I Was a Single Dad, But I Sorely Lacked the Skills to Be a Mom
They needed ponytails, lice treatments, and someone who knew what it meant to be a girl. I needed help.
When my kids were younger, I only got 60 days of visitation per year. By any measurement, that sucked. During those two months, I drove them to camp, signed permission slips, packed lunches, and took them to check-ups. I was good at the logistical parts of parenting.
But I wasn’t a mom. I didn’t know how to treat lice, make a ponytail, or explain puberty. I didn’t grow up with sisters. I didn’t know what girls needed—not really. And for a while, I was lost.
What saved me was a rotating cast of women who showed up when I needed them most.
Melinda worked the front counter at our community center. She loved my kids from the second she met them. We stopped by several times a week, and every time, Melinda had something—a sticker, a bracelet, a tiny gift that made my girls feel seen. Over time, her gifts grew into costume jewelry that made them feel older than they were, which made them feel cool, which made them want to come back.
Next came Glydes, who ran the local Italian place with her husband, Felipe. At first, the kids stuck to noodles with butter. Then they graduated to marinara. One night, Glydes invited them into the kitchen to make their own pizzas. They rolled the dough, spread the sauce, chose their toppings, and watched the pizzas bake. After that, they were pizza snobs—only interested in the ones they made themselves.
At Starbucks, there was Alexis—a college student who let my kids hang around and sneak puppuccinos to dogs. One day, they asked if they could help her make whipped cream. Alexis, because she was that kind of person, said yes. She handed over the pressurized dispenser and walked them through the steps. Eventually, they knew their way around the café. One evening, my middle daughter rang up a customer’s order herself.

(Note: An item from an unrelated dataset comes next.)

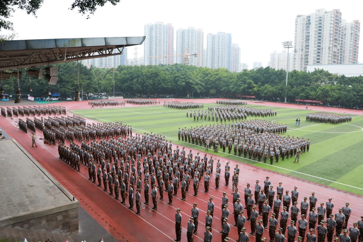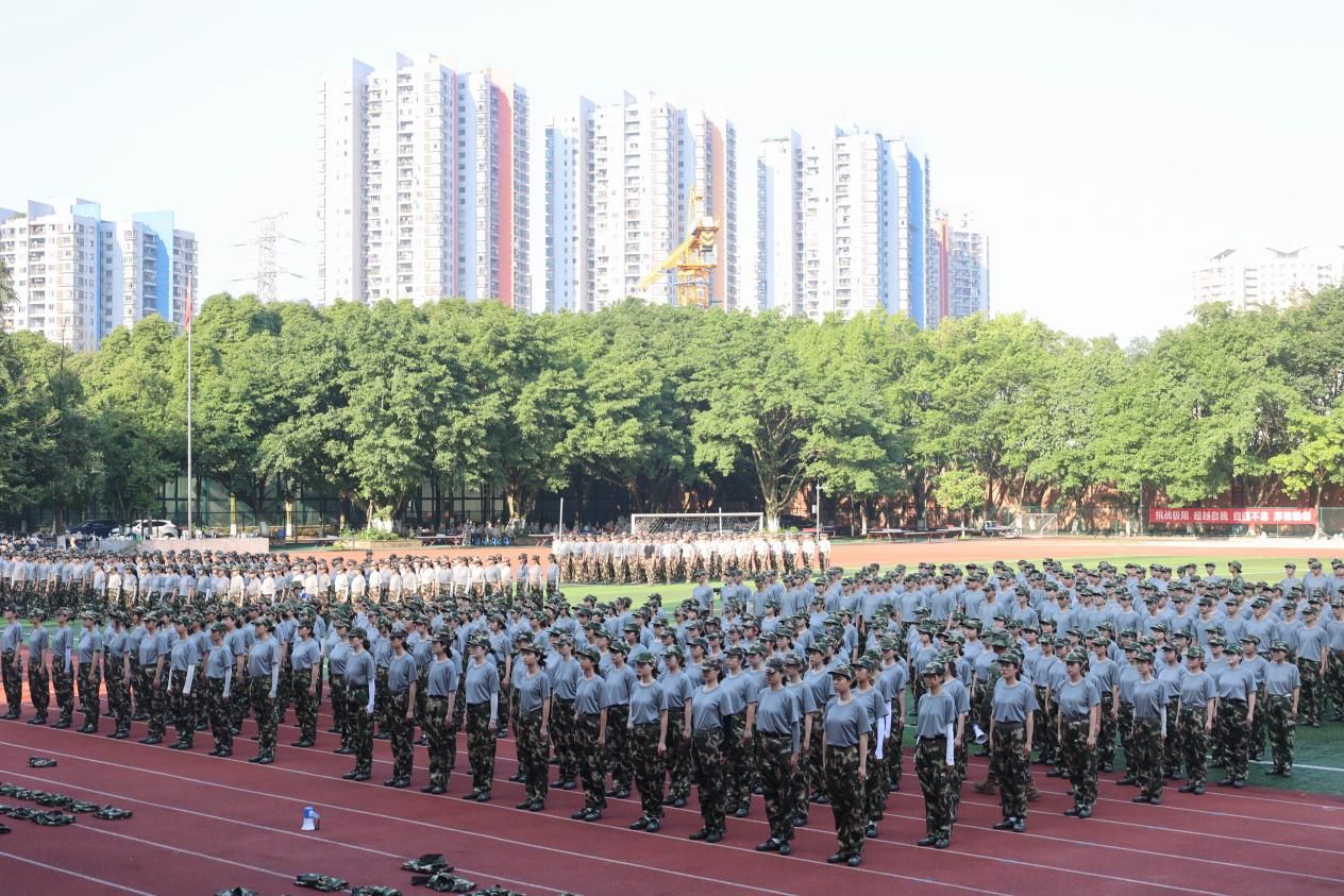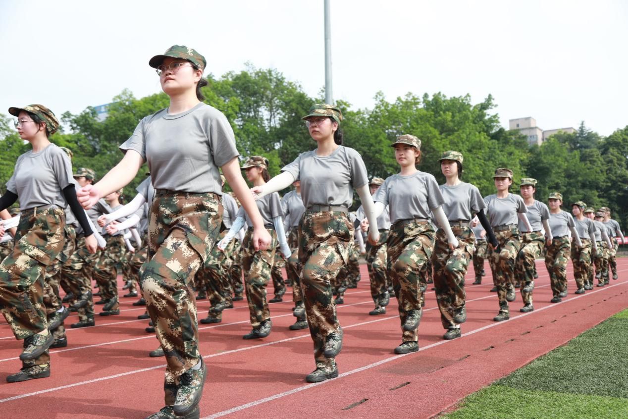 操场上,一群朝气蓬勃的重工商大学子,身着统一的迷彩服,踏着坚定的步伐,用汗水书写着青春最亮丽的篇章。

The guy gave her a five and told her to keep the change. “You’re a great barista,” he said. She beamed.

But the moment I really knew I was out of my depth was when summer camp announced a lice outbreak.
I pulled out my phone and whispered, “Siri, what is lice?”
One of the moms—Maggie—overheard me. “Do you need help?” she asked.
Yes. Yes, I did.
That night she came over with her own kids and walked me through it: how to apply the solution, wash the bedding, vacuum the furniture. “You have to keep this up for a week,” she said. “Minimum.”
I sighed. “What a pain in the ass.”
“It gets worse the longer you wait,” she said. “When do they go home? Maybe send them back with lice and let mom handle round two.”
That’s when I realized: I was learning.
Over time, I got better. I could do a ponytail and eventually learned to French braid. I got over my squeamishness. I learned how to listen. I stopped looking at the world like a weekend dad and started thinking like a full-time parent.
I don’t know if my kids ever noticed the shift. But if they didn’t, I wish them luck when their own kids come home from camp with lice.